### Prompt
Write out the stretch of lines below that begins at the line with "雙主梁門式起重機承載能力強,跨度大、整體" and ends at the line with "Този ефект със", including both, exactly as given and nothing more.

### Listed entries
┌──
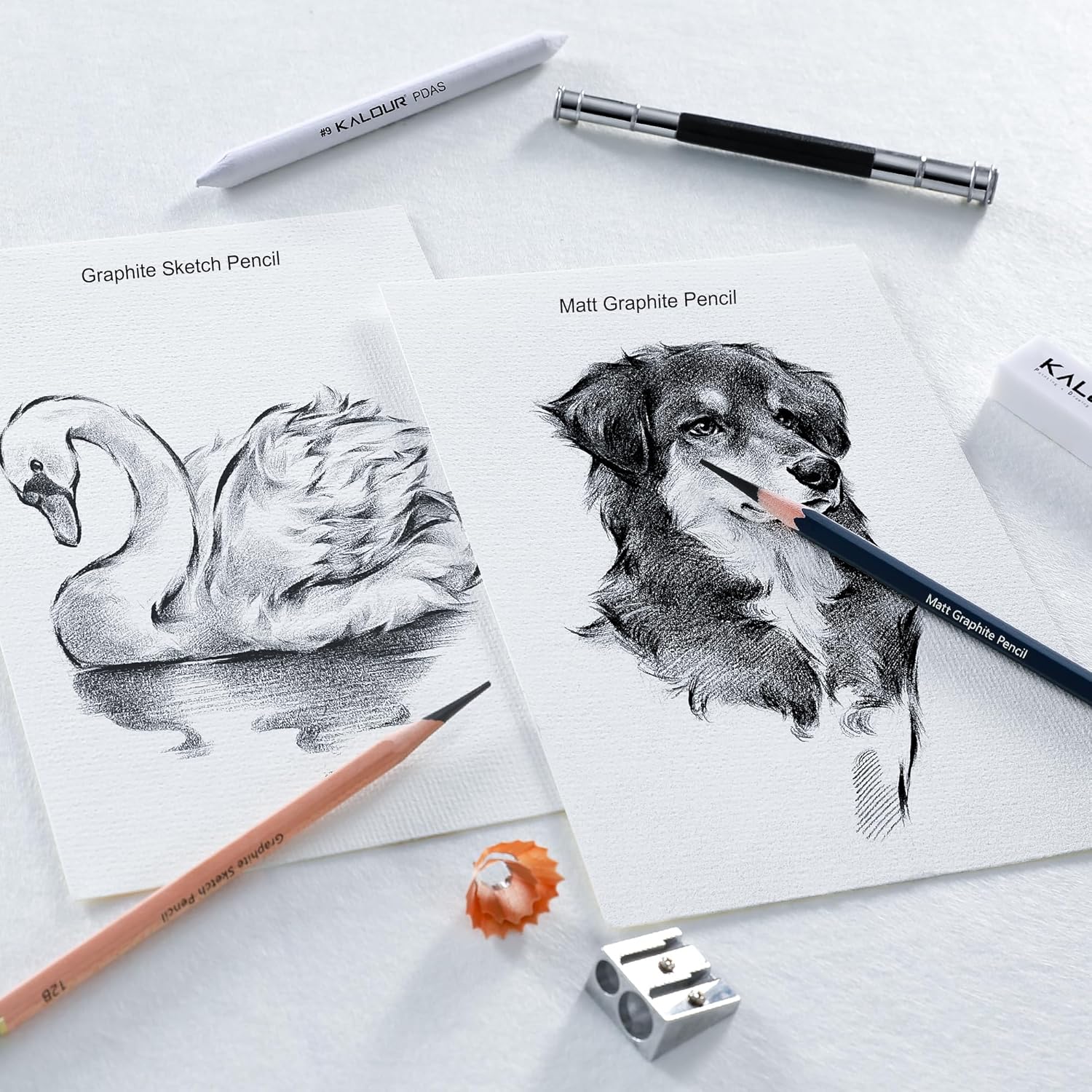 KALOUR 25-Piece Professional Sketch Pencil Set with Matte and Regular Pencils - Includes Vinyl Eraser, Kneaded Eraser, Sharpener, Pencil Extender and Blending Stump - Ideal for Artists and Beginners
└──
┌──
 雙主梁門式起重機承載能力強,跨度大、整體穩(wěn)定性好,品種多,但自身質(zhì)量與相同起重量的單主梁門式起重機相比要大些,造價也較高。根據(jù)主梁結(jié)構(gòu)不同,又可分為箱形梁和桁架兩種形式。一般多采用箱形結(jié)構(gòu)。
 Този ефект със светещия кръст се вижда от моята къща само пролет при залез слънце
└──
### Completed task
 雙主梁門式起重機承載能力強,跨度大、整體穩(wěn)定性好,品種多,但自身質(zhì)量與相同起重量的單主梁門式起重機相比要大些,造價也較高。根據(jù)主梁結(jié)構(gòu)不同,又可分為箱形梁和桁架兩種形式。一般多采用箱形結(jié)構(gòu)。
 Този ефект със светещия кръст се вижда от моята къща само пролет при залез слънце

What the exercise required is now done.